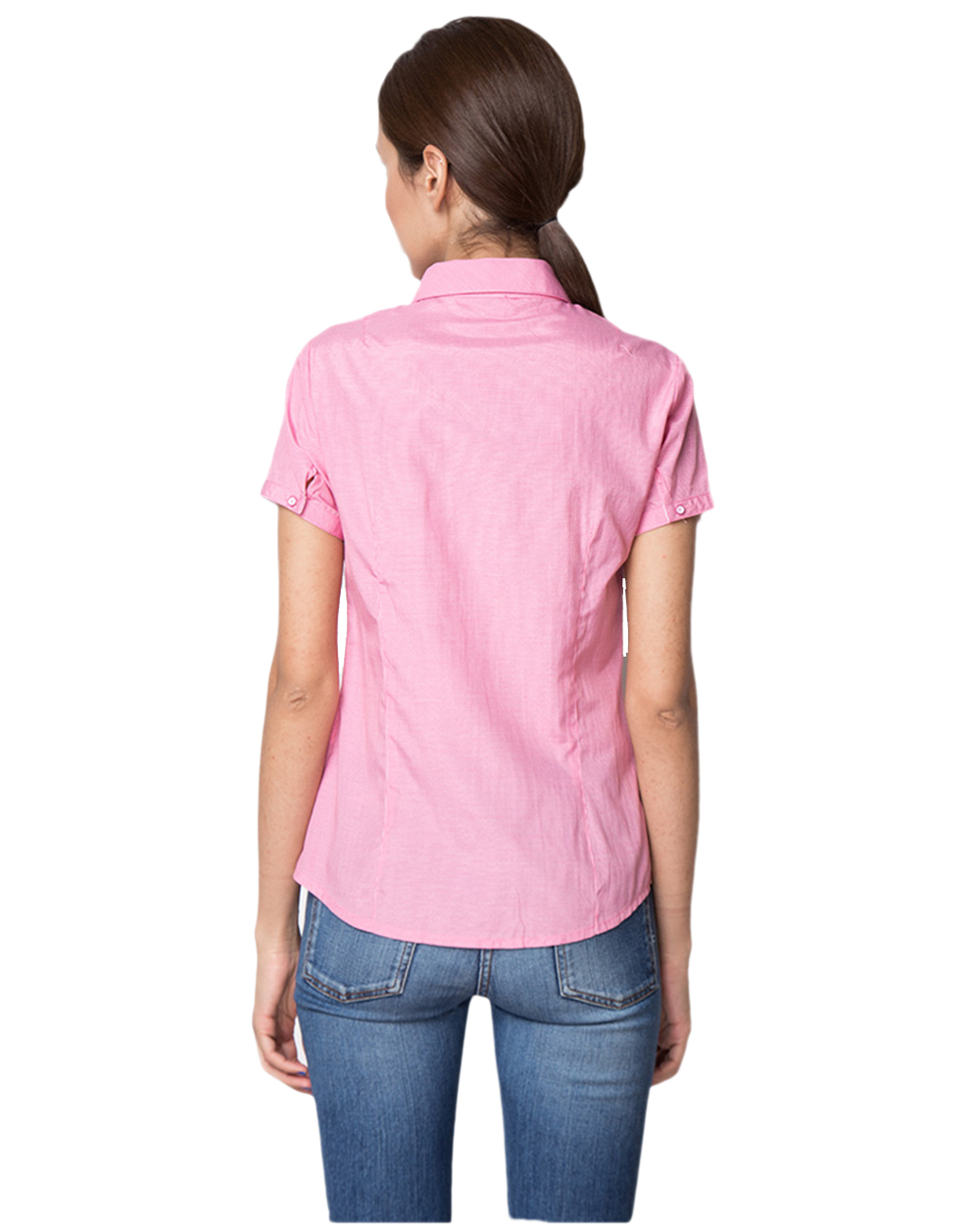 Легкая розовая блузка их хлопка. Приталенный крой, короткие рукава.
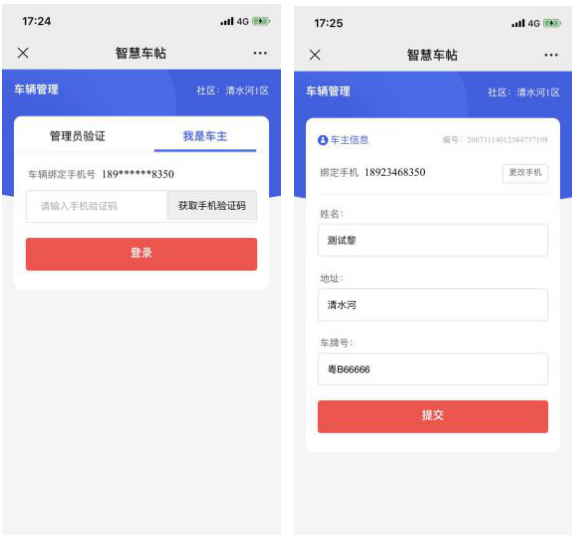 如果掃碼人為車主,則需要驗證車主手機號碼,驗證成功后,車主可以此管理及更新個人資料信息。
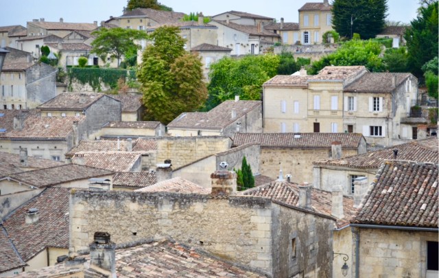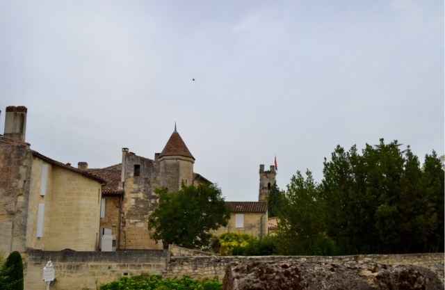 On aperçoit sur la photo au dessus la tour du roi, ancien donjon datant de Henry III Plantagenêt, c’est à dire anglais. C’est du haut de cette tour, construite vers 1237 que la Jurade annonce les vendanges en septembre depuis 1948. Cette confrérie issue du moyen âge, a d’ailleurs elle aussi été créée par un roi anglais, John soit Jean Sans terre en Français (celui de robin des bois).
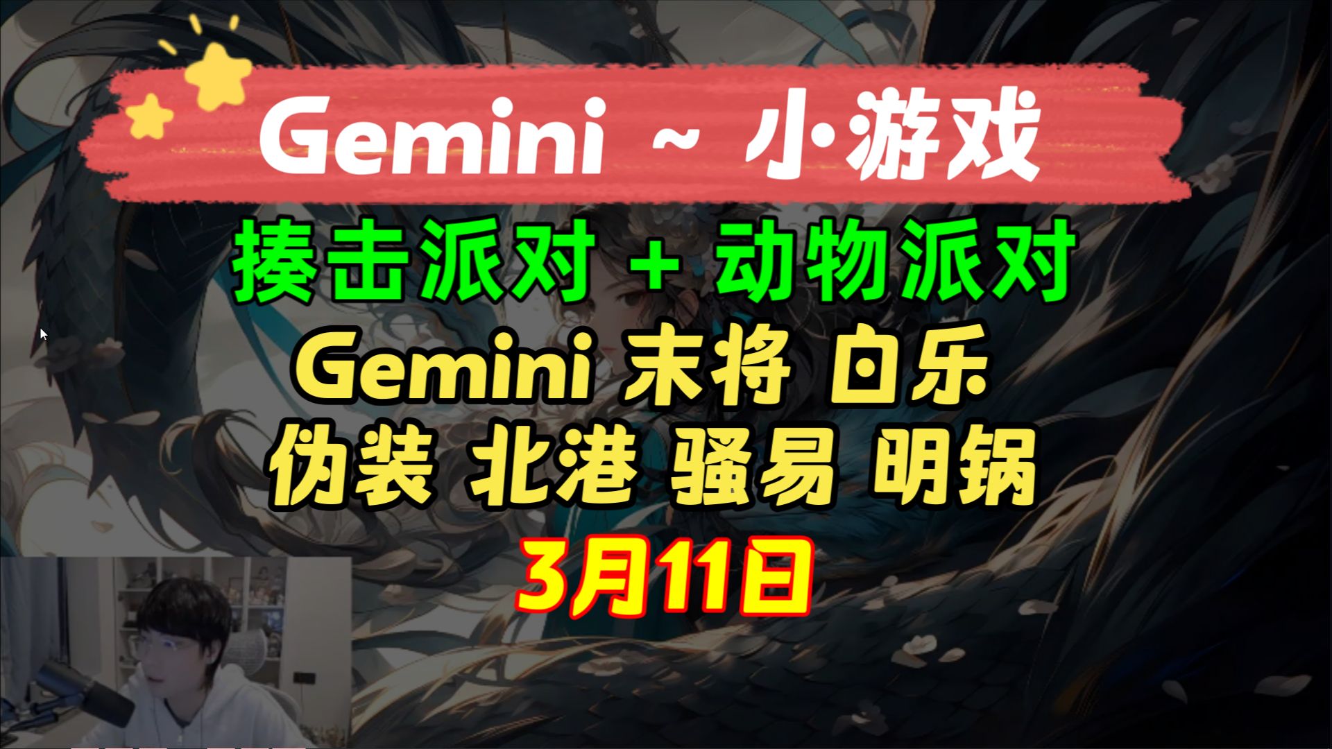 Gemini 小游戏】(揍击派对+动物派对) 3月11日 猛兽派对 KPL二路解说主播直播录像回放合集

══════════

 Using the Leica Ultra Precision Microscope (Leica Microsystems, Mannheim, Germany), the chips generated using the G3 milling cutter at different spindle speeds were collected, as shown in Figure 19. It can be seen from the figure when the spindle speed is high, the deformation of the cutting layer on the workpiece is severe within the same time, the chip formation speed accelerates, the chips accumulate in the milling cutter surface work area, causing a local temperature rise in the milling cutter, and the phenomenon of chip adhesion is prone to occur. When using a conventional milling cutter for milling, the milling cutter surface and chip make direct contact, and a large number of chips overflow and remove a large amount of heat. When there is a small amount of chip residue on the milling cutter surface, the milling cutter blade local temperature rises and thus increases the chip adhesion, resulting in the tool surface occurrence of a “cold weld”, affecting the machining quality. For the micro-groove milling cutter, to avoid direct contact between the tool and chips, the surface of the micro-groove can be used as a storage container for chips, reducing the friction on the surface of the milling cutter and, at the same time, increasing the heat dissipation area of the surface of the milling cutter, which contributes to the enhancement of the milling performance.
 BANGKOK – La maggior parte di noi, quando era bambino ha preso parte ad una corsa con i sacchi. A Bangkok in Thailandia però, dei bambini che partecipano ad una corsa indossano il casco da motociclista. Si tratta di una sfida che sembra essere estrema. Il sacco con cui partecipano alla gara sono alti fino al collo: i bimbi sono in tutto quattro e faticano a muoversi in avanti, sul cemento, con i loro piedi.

══════════

_PROBLEM TO WORK ON_. In the records above, everything from the line with "Легкая розовая блузка" down to the line with "Gemini 小游戏】(揍击派对+动物派对) 3月11日" must be duplicated exactly, both lines kept. Leave no pictures in.

_SOLVED EXERCISE_.
 Легкая розовая блузка их хлопка. Приталенный крой, короткие рукава.
 如果掃碼人為車主,則需要驗證車主手機號碼,驗證成功后,車主可以此管理及更新個人資料信息。
 On aperçoit sur la photo au dessus la tour du roi, ancien donjon datant de Henry III Plantagenêt, c’est à dire anglais. C’est du haut de cette tour, construite vers 1237 que la Jurade annonce les vendanges en septembre depuis 1948. Cette confrérie issue du moyen âge, a d’ailleurs elle aussi été créée par un roi anglais, John soit Jean Sans terre en Français (celui de robin des bois).
 Gemini 小游戏】(揍击派对+动物派对) 3月11日 猛兽派对 KPL二路解说主播直播录像回放合集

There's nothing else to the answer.